━━━ Supplied entries
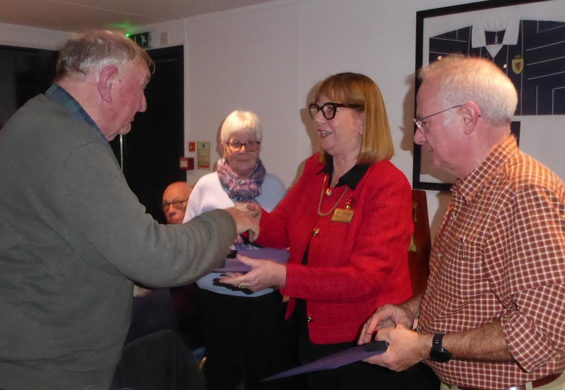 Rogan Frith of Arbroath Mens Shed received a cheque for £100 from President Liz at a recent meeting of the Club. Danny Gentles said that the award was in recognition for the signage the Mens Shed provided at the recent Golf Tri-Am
━━━━━━
━━━ Supplied entries
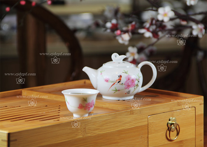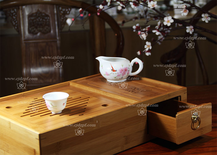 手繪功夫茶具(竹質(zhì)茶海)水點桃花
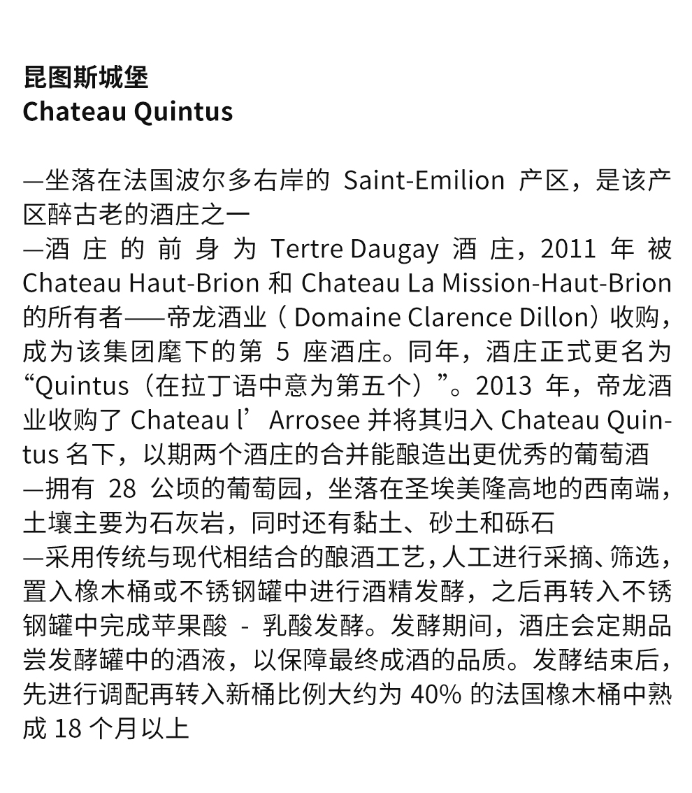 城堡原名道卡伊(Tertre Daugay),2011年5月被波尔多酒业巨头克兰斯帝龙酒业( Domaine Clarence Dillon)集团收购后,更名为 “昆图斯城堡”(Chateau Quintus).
━━━━━━
━━━ Supplied entries
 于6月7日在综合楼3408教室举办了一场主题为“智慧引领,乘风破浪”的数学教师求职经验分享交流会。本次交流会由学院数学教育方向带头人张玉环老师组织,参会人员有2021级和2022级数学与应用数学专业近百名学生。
━━━━━━
> _Task brief_
Leaving out the pictures, please output the lines in the entries above from the one with "手繪功夫茶具(竹質(zhì)茶海)水點桃花" through the one with "城堡原名道卡伊(Tertre Daugay),2011年5月被波尔多酒业巨头克兰斯帝龙酒业( Domaine", exactly as they are.

> _Output of the exercise_
 手繪功夫茶具(竹質(zhì)茶海)水點桃花
 城堡原名道卡伊(Tertre Daugay),2011年5月被波尔多酒业巨头克兰斯帝龙酒业( Domaine Clarence Dillon)集团收购后,更名为 “昆图斯城堡”(Chateau Quintus).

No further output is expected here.